| AVRIM L. BLUM (AVRIM@CS.CMU.EDU), PAT LANGLEY° (LANGLEY@ISLE.ORG)
This survey reviews methods in machine learning for handling datasets with large amounts of irrelevant information, focusing on feature selection and example selection. It discusses advances in empirical and theoretical work, presenting a general framework for comparing methods. The paper addresses two key issues: selecting relevant features and selecting relevant examples. It concludes with challenges for future research.
The paper begins by discussing the problem of irrelevant features in concept learning, which involves deciding which features to use and how to combine them. It highlights the importance of selecting relevant features to reduce the number of training examples needed for good performance. It discusses the limitations of simple methods like nearest neighbor, which can be affected by irrelevant features, and contrasts them with methods that explicitly select relevant features.
The paper defines several notions of relevance, including relevance to the target concept, relevance to the sample/distribution, and relevance as a complexity measure.

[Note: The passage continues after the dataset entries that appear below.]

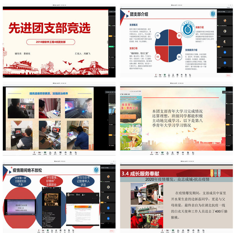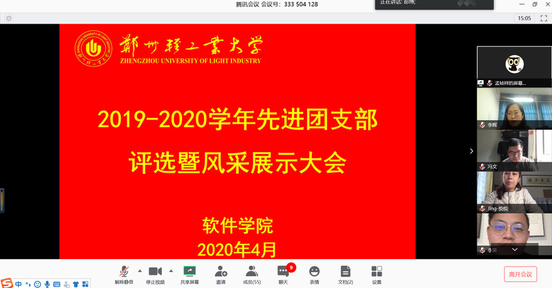 4月2日下午,软件学院在腾讯会议室举办了线上先进团支部评选暨风采展示大会。我院辅导员参加活动并担任评委,2017级、2018级、2019级一共12个团支部参与竞选,各团支部进行线上观摩学习。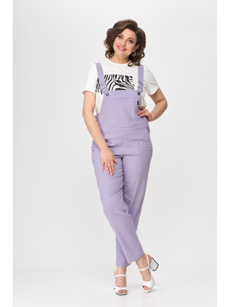 Комбинезон выполнен в спортивном стиле, отрезной по линии талии, с бретелями застегивающими на металлическую застежку. По переду на груди накладной карман. По брюкам в боковых швах лампасы, по переду в боковых швах брюк на уровне бедер карманы. На задних половинках накладные карманы.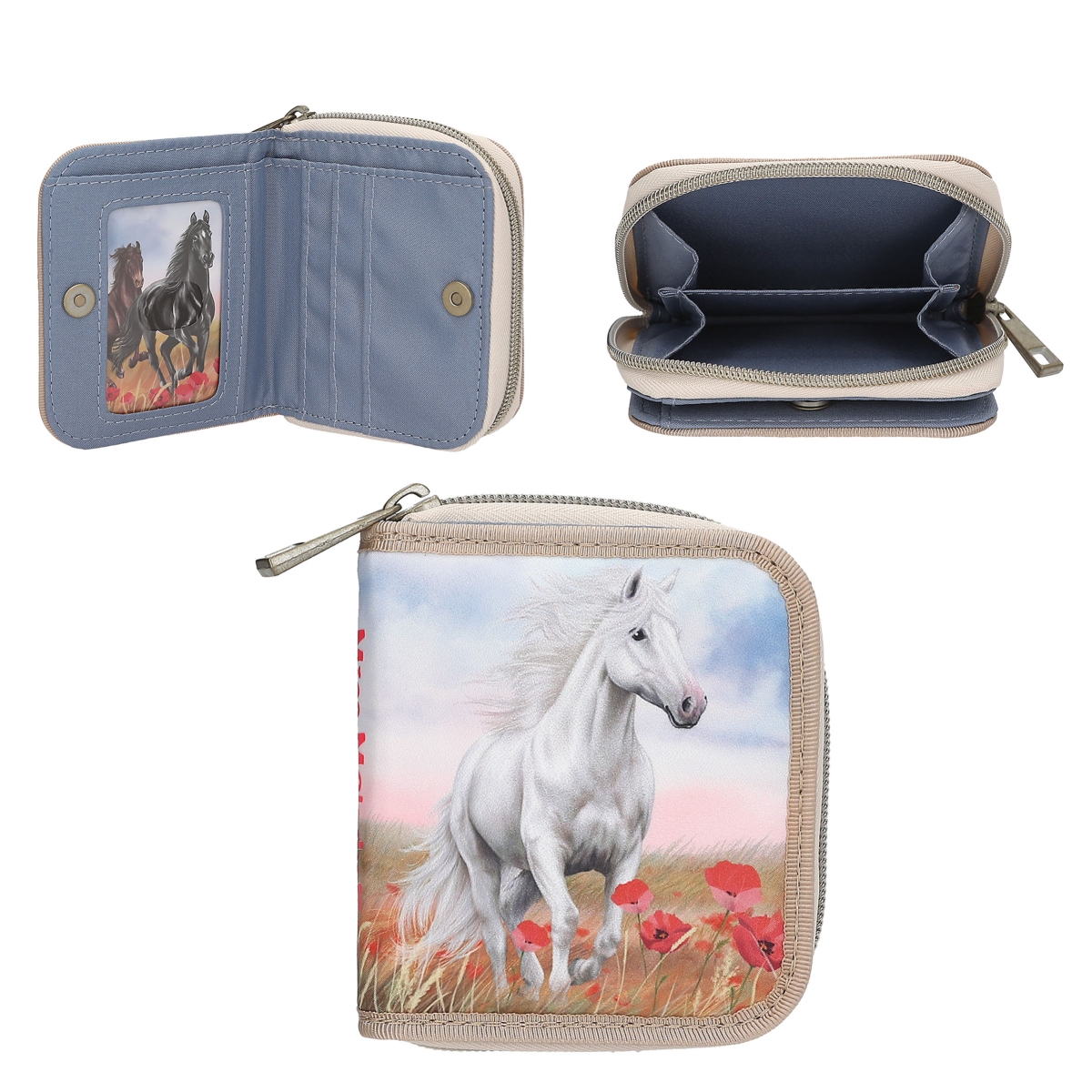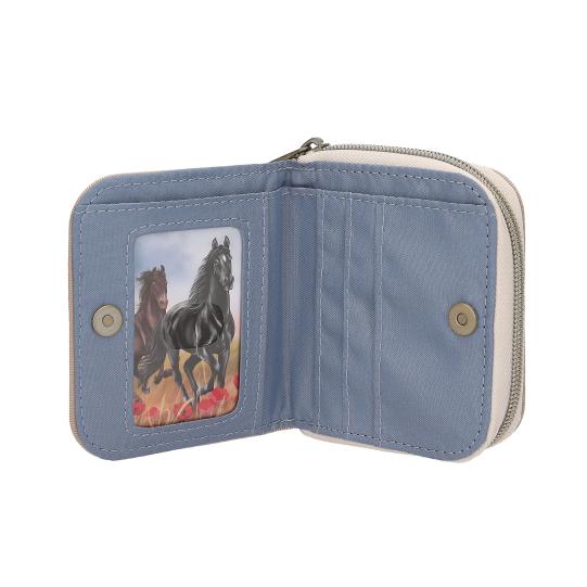 Elegancja i miłość do koni w jednym! Portfel POPPY SAND z kolekcji Miss Melody zachwyca subtelnym, beżowym kolorem i pięknym motywem białego konia galopującego po polu pełnym czerwonych maków. To nie tylko praktyczny dodatek, ale też stylowy element, który spodoba się wszystkim młodym miłośniczkom koni.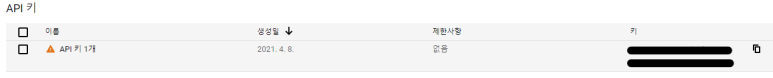 API 사용을 위한 키가 생성됩니다.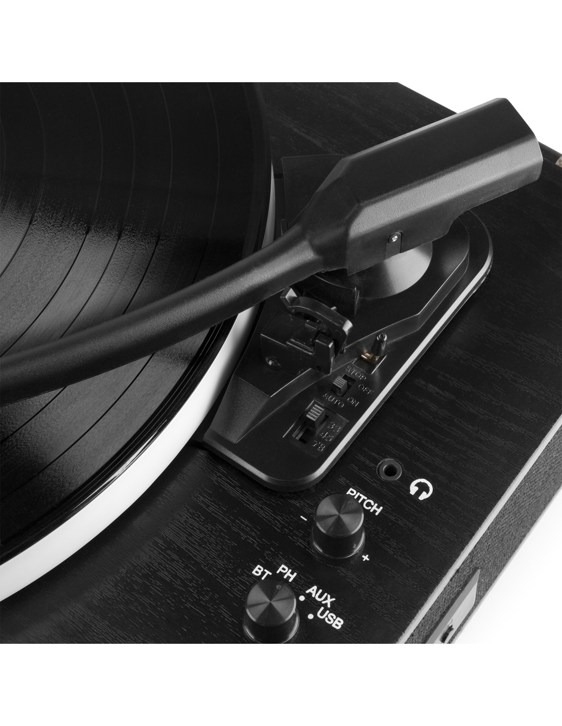 3 velocidades para discos de 33 1/3, 45 y 78 RPM, incl. adaptador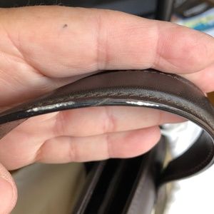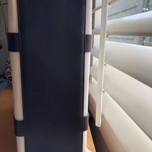 White linen with dark brown leather accents handbag from 2002. Used 2x, then stored. There are a couple of marks on the white and a scratch on the handle. See photos. Single magnet closure. It has what looks like a slight crease on the front side, it came that way - the side with the Armani embossing. Otherwise, the structure of the bag is solid. Would accent any professional outfit perfectly. Armani dust cover bag included.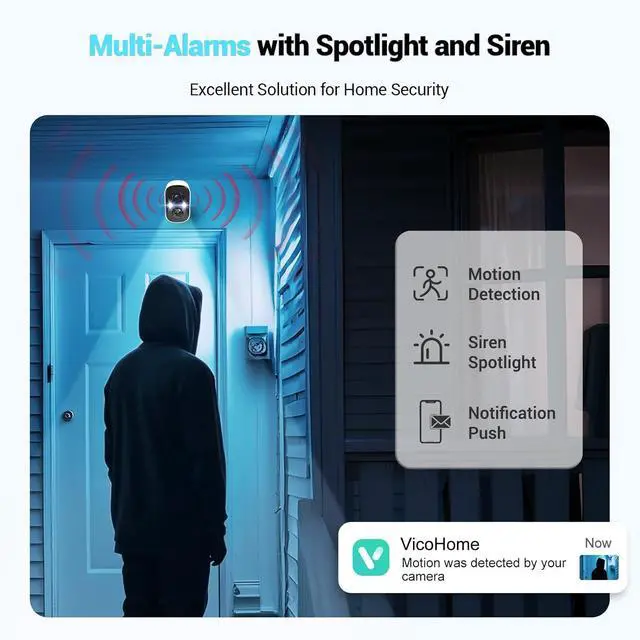 Smart Motion Detection & Instant Alerts Equipped with advanced motion detection, this wireless camera for home security instantly identifies human movement and sends real-time alerts via the Vicohome app. The built-in spotlight and siren activate automatically to deter intruders, giving you instant control and peace of mindno matter where you are.
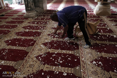 پنجرههای مسجد که شیشههایش را شکسته بودند، به سمت نمازگزاران مسلمان در

It also introduces the concept of incremental usefulness, which measures the usefulness of a feature based on its impact on the learning algorithm's performance.
The paper then discusses feature selection as heuristic search, describing different approaches such as embedded, filter, and wrapper methods. Embedded methods integrate feature selection within the induction algorithm, while filter methods select features before induction, and wrapper methods use the induction algorithm to evaluate feature subsets.
The paper also discusses feature weighting methods, which assign weights to features based on their relevance. It presents the WINNOW algorithm, which uses multiplicative updates to adjust weights based on errors, and shows that it performs well in the presence of irrelevant features.
The paper concludes by discussing the challenges and future directions in feature selection, emphasizing the need for further research on both empirical and theoretical aspects. It highlights the importance of selecting relevant features and examples in machine learning to improve the performance of learning algorithms.This survey reviews methods in machine learning for handling datasets with large amounts of irrelevant information, focusing on feature selection and example selection. It discusses advances in empirical and theoretical work, presenting a general framework for comparing methods. The paper addresses two key issues: selecting relevant features and selecting relevant examples. It concludes with challenges for future research.
The paper begins by discussing the problem of irrelevant features in concept learning, which involves deciding which features to use and how to combine them. It highlights the importance of selecting relevant features to reduce the number of training examples needed for good performance. It discusses the limitations of simple methods like nearest neighbor, which can be affected by irrelevant features, and contrasts them with methods that explicitly select relevant features.
The paper defines several notions of relevance, including relevance to the target concept, relevance to the sample/distribution, and relevance as a complexity measure. It also introduces the concept of incremental usefulness, which measures the usefulness of a feature based on its impact on the learning algorithm's performance.
The paper then discusses feature selection as heuristic search, describing different approaches such as embedded, filter, and wrapper methods. Embedded methods integrate feature selection within the induction algorithm, while filter methods select features before induction, and wrapper methods use the induction algorithm to evaluate feature subsets.
The paper also discusses feature weighting methods, which assign weights to features based on their relevance. It presents the WINNOW algorithm, which uses multiplicative updates to adjust weights based on errors, and shows that it performs well in the presence of irrelevant features.
The paper concludes by discussing the challenges and future directions in feature selection, emphasizing the need for further research on both empirical and theoretical aspects. It highlights the importance of selecting relevant features and examples in machine learning to improve the performance of learning algorithms.